@rumtscho- your answer about stretching and folding is just slightly incorrect- but in such a way as another answer isn't useful- I would rather you just edited yours.
The stretch and fold method has the same effect as normal kneading but the dough is handled differently.
With normal kneading the dough is turned, folded, and pressed with the hand- this is all but impossible with very wet doughs.
The technique therefore, changes to simply pulling the dough and folding it onto itself, avoiding contact with the hands as much as possible.
So your answer was about the result which is the same but you should add something about the technique which is definitely different.
OK bakers, do you actually make adjustment to your recipes based on humidity, hold out on some water or adding more water. Or do you alwys just go straight weight percentages and not worry about himidity levels?
that is what I always hear. I kind of think it is funny that something people say is such a science and an exact art, that everyone says, I go by look and feel.
@rfusca The problem I find is trying to teach people through recipes and not hands on. What is it supposed to look and feel like? How can one tell what adjustments need to be made? How can you really know when you got it right?
I think tasting gives a good idea of saltiness, amount of rising (doughs close to overrising have a faint sour aroma), starch content, and also, for enriched breads, fat content and development of the aromas (vanilla, lemon, etc.) But yes, it is not the same as in the finished bread.
@Sobachatina Good that you know it. Whenever I read Russian, I never know which word I already know and which not.

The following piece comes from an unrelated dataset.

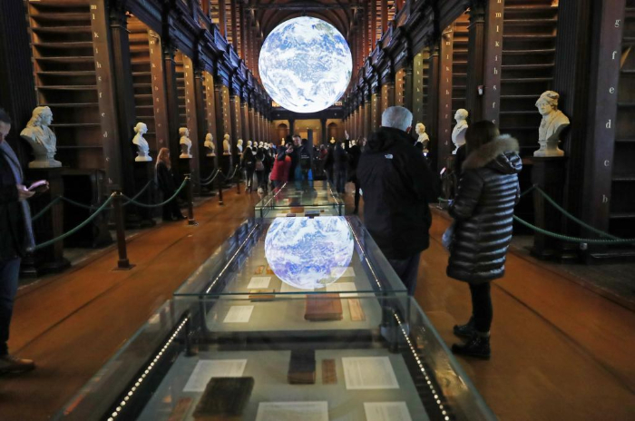 人們?cè)趷?ài)爾蘭都柏林大學(xué)圣三一學(xué)院老圖書(shū)館內(nèi)參觀(1月16日攝)。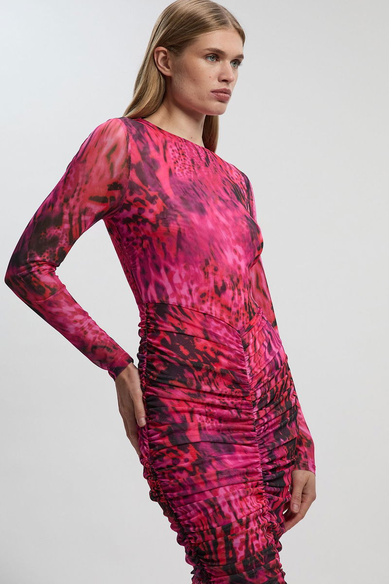 Animal Print Mesh Ruched Maxi Dress

I only recognize each with a different level of certainty.
@rfusca I got an email last night if I would be willing to meet in the middle with 3 classes instead of 5 for the price. I said I could if they supply an extra worker so I don't have to. and they would have to guarantee a class of 20 to make it work. Just got an email that they agreed.
@Sobachatina I can read Russian transliteration more or less. It is different from Bulgarian transliteration, but readable. I can't write it though. But if you want to, write it, instead of typing Cyrillic.
So I readjusted to Qwertz, and touch-type it with a decent speed.
@Sobachatina yes. In the letters, only the Y and Z are exchanged. But it also has umlaute to the right, where Qwerty has special characters. And all special characters are at places other than Qwerty.
Programming on Qwertz is a PITA, { is at AltGr+7, [ is at AltGr+8
@Sobachatina I have also tried to write text in Emacs on a Qwertz layout. Luckily, I have very long fingers.
So, I can manage to write Roman text on Qwertz, and even program on it (with a slight delay)
But the problem is Cyrillic.
I use a phonetic layout for it, the BDS is impossible to learn
And all the letters are so easy to type
I only have to remember where я, ш etc. are, but not too problematic
But the mean part is that the phonetic layout is Qwerty based, so all the special characters are where I don't expect them
When I try being nice to people and chat with them in Bulgarian using a Cyrillic writing instead of the ugly transliteration, they soon ask me to revert to transliteration, because I tend to end sentences with a - when I want to write a ?, or to use a = instead of a comma, or similar stuff.
I've been meaning to write my own phonetic layout with letters where I expect them and signs where I expect them, it is possible for Ubuntu, and I don't chat much from the work (Windows) PC.
But I am lazy, because there is this great transliterator for the browser, it captures normal key strokes and transliterates them (single letters or combinations), so I don't need it for surfing or emails, only for chat/IM.
@Sobachatina Hmm, that's another solution, maybe I should try it.
At least computers tend to understand Unicode by now, it used to be normal to write text in Windows-1251 and send it to somebody (or post it on the Internet) and the reader only saw "monkeyish", where each letter is rendered as a Latin-Extended character.
The normal kneading makes a small fold, which only gets a small part of the molecules in the dough travel, and they don't travel for a long time in one direction.
You do it very quickly, and repeat it hundreds of times, until the bread is developed.
In one big, long stretch, you get much more alignment per stretching movement.
But you make many less movements for the duration of a kneading phase
And each movement traps more air and distributes the air into even smaller pockets.
@rfusca My point is that stretching it farther is more effective and wetter doughs knead more effectively. You would see better results with either- but when doughs are wet enough you can only use the stretch and fold because you can't touch them.